SCUMM v5 SMAP — Background Bitmap Format

The SMAP block holds the room background bitmap in SCUMM v5 games (Monkey Island 1 CD VGA, Monkey Island 2, Indy 4, Day of the Tentacle, …). It's the gnarliest single block format in v5: a vertical-strip decomposition wrapped around two flavors of palette-walk RLE.

At a glance

  the background = vertical strips, 8 px wide, decoded independently

  SMAP: ┌──────────────────────────────┬───────────────────────┐
        │ stripCount × u32 LE offsets  │ strip bodies …        │
        │ (header-inclusive: −8 to     │                       │
        │  get a payload position)     │                       │
        └──────────────────────────────┴───────────────────────┘

  each strip body:  [ code byte ][ initial color ][ bit stream ]
                         │
                         └─▶ picks the method:  uncompressed ·
                             Method 1 (palette walk) ·
                             Method 2 (richer deltas + RLE)
                             …plus direction, transparency, and
                             how many bits a palette index takes

This is a self-contained reference derived from reverse-engineering MI1 and MI2 data, cross-checked against the two main public sources for the format. Where those sources disagree with what real game data actually decodes to, the data is the source of truth and we document the correction.

Sources

Both sources predate the corrections in §6 and §7 below — they describe an inverted Method 2 delta sign and a wrong paletteBits constant for codes 0x54..0x58. Real game data disagrees with the docs; we follow the data.


1. Where SMAP lives

Inside a SCUMM v5 resource file (MONKEY.001 / MONKEY2.001):

LECF                 top-level container
└── LFLF             one bundle per room
    └── ROOM         room data
        ├── RMHD     header: width, height, num objects
        ├── CLUT     256-entry RGB palette
        ├── RMIM     room image container
        │   ├── RMIH image header
        │   └── IM00 primary image container
        │       ├── SMAP    ← THIS DOCUMENT
        │       └── ZP01…   z-plane masks (one or more)
        ├── OBIM…    object images
        └── OBCD…    object code + names

2. Strip decomposition

The background is split into vertical strips, 8 pixels wide. A 320-wide room has 40 strips. Each strip is roomHeight pixels tall (typically 144 for full-screen). Strips are independent — each has its own compression code, initial color, and bit stream. The decoder can process them in any order.


3. SMAP payload layout

┌────────────────────────────────┬───────────────┐
│ stripCount × uint32 LE offset  │ strip bodies  │
└────────────────────────────────┴───────────────┘

stripCount = roomWidth / 8

⚠️ The offset gotcha

Each uint32 in the offset table is stored relative to the start of the SMAP block including its 8-byte block header, not relative to the payload.

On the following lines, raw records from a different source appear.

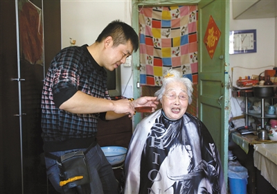 在东城区板厂南里社区一家8平方米的便民理发屋里,刘青春有着多个角色——老板、理发师、洗发小工。而在居民的心中,他不仅是理发师,还扮演着电工、门卫,甚至亲人的角色。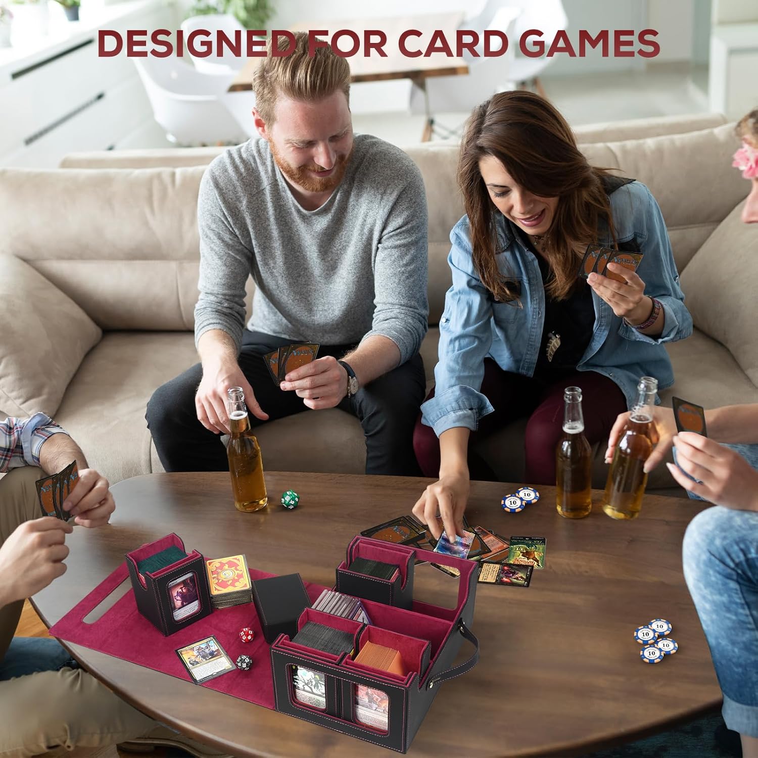 - 【Holds 600+ Double Sleeved Cards】The size of our deck card case is 11.0x7.9x4.7 inches, large enough to easily store 900+ single-sleeved cards, 600+ double-sleeved cards, 1400+ sleeveless cards.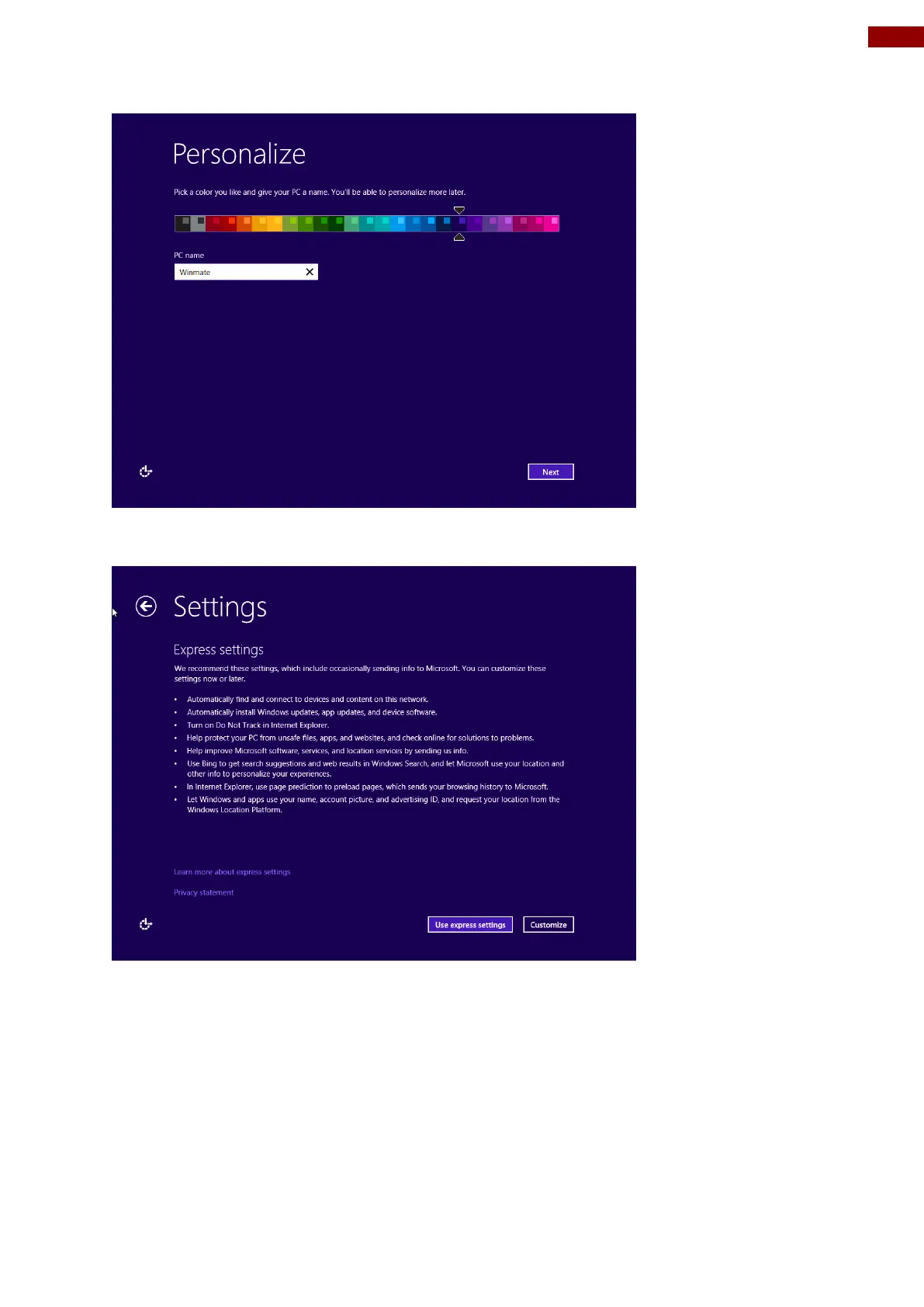 5. On the Settings page screen, choose Use express settings for the fastest setup.

encoder writes:    offset = 8 + tableSize + sumOfPreviousStripSizes
decoder seeking
into payload:      seek_pos = offset - 8

The first strip's offset is therefore 8 + 4 × stripCount. Anything less than 8 is malformed.

Symptom of getting this wrong: the per-strip "compression code" you read looks like random bytes (255, 12, 247, 0, …) instead of falling in the narrow expected bands (0x0E–0x12, 0x18–0x1C, 0x40–0x44, …).


4. Strip body layout

┌─────┬───────────────────┬─────────────────┐
│ ID  │ initial color     │ bit stream      │
│ 1 B │ 1 B               │ remainder       │
└─────┴───────────────────┴─────────────────┘
Field Meaning
ID Compression code; selects the algorithm and parameters.
Initial color Palette index of pixel 0; also the starting color/sub.
Bit stream Variable length; encoded LSB-first within each byte.

5. Bit stream conventions

Bit order within a byte

Bit 0 (LSB) is read first, then bit 1, …, then bit 7. So byte 0b00000111 (= 7) yields the bit sequence 1, 1, 1, 0, 0, 0, 0, 0.

Multi-bit integers

When n bits are read in order b0, b1, …, b(n-1), the resulting integer is b0 + 2·b1 + 4·b2 + … (i.e. LSB-first into the integer). For example, reading 7 bits in order 0, 1, 1, 1, 1, 1, 1 yields integer 126 (= 0x7E).


6. Compression methods dispatch

ID range Method Direction Transparent paletteBits
0x01 uncompressed horizontal no n/a (raw 8b)
0x0E .. 0x12 1st vertical no code − 0x0A
0x18 .. 0x1C 1st horizontal no code − 0x14
0x22 .. 0x26 1st vertical yes code − 0x1E
0x2C .. 0x30 1st horizontal yes code − 0x28
0x40 .. 0x44 2nd horizontal no code − 0x3C
0x54 .. 0x58 2nd horizontal yes code − 0x50 ⚠️
0x68 .. 0x6C 2nd horizontal yes (alias) code − 0x64
0x7C .. 0x80 2nd horizontal no (alias) code − 0x78

Direction

Method 2 only exists in the horizontal direction.

Transparency

For background bitmaps the "transparent" variants decode pixel values identically to opaque variants — transparency only matters when compositing actors/objects over the room later.

paletteBits

The width (4..8 bits) used when reading a new palette index from the bit stream. The initial-color byte at strip start is always a full 8 bits regardless of paletteBits.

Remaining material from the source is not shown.